Once upon a time kids, particularly boys, played with microscopes and chemistry sets, not iPhones. A fabulous article from Fred Reed at unz.com:

It was 1953 in the white newly prosperous suburbs of Arlington, Virginia, just outside the Yankee Capital. I was eight, having been born, like so many of my small compatriots, nine months and fifteen minutes after our fathers got home from the war. These men, my father anyway, had spent years in the Pacific, being torpedoed at and watching Hellcat fighters screaming off wooden decks, and seeing ships sink. What they wanted now was lawn mowers, lawns, children, and a life as boring as possible. They got them.
We kids did not know that we were at the cusp of an explosion of technological mastery. We were, though. In addition to me there was Michel Duquez, dark-haired, raffish, and of Frog extraction, who would later die fighting for the French Foreign Legion in the Silent Quarter of Arabia. Or if he didn’t, he should have. And there was John Kaminski, or Mincemeat, blond and crewcut, who could spit out of the side of his mouth with casual aplomb the way Humphrey Bogart did, or would have if he had spit much.

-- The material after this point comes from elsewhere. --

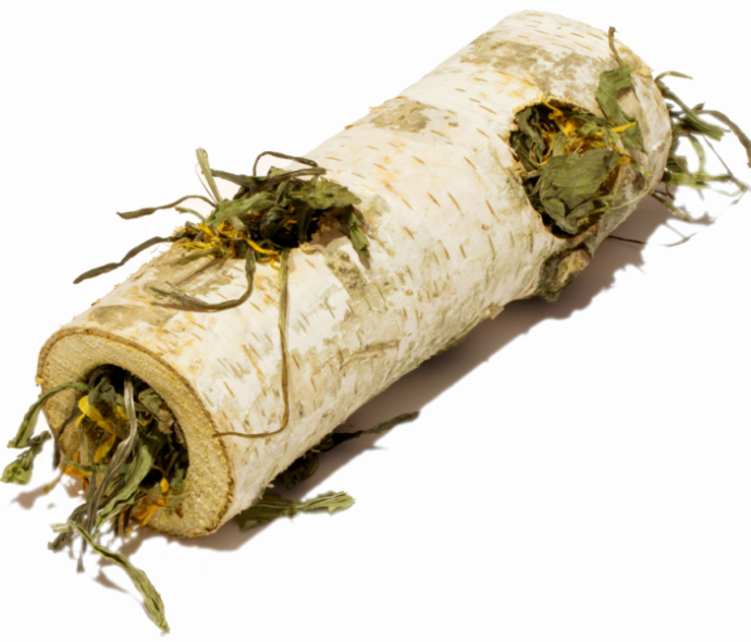 Pieniek brzozowy z ziołami: babką lancetowatą i nagietkiem lub płatkami słonecznika – doskonały do ścierania ząbków i zabicia nudy. Pieniek jest wielokrotnego użytku, można go napychać siankiem, ziołami lub ulubionymi przysmakami.

American society on North Jefferson Street, and all the burbs for miles around, was everything that today would be thought intolerant or not very inclusive. There was no crime, diversity not yet having become our strength. When we rode our bikes under blue skies, I think the only kind we had then, to the shopping strip at Westover on Washington Boulevard, we could leave the bikes for hours on the sidewalk, or anywhere else, and they would be there when we came back. There were no transgenders. We were little boys and little girls. This seemed to work. For some reason now forgotten, for a year or so we referred disparagingly to each other as “queerbaits.” There were no queers to bait though, and anyway we didn’t know what one was.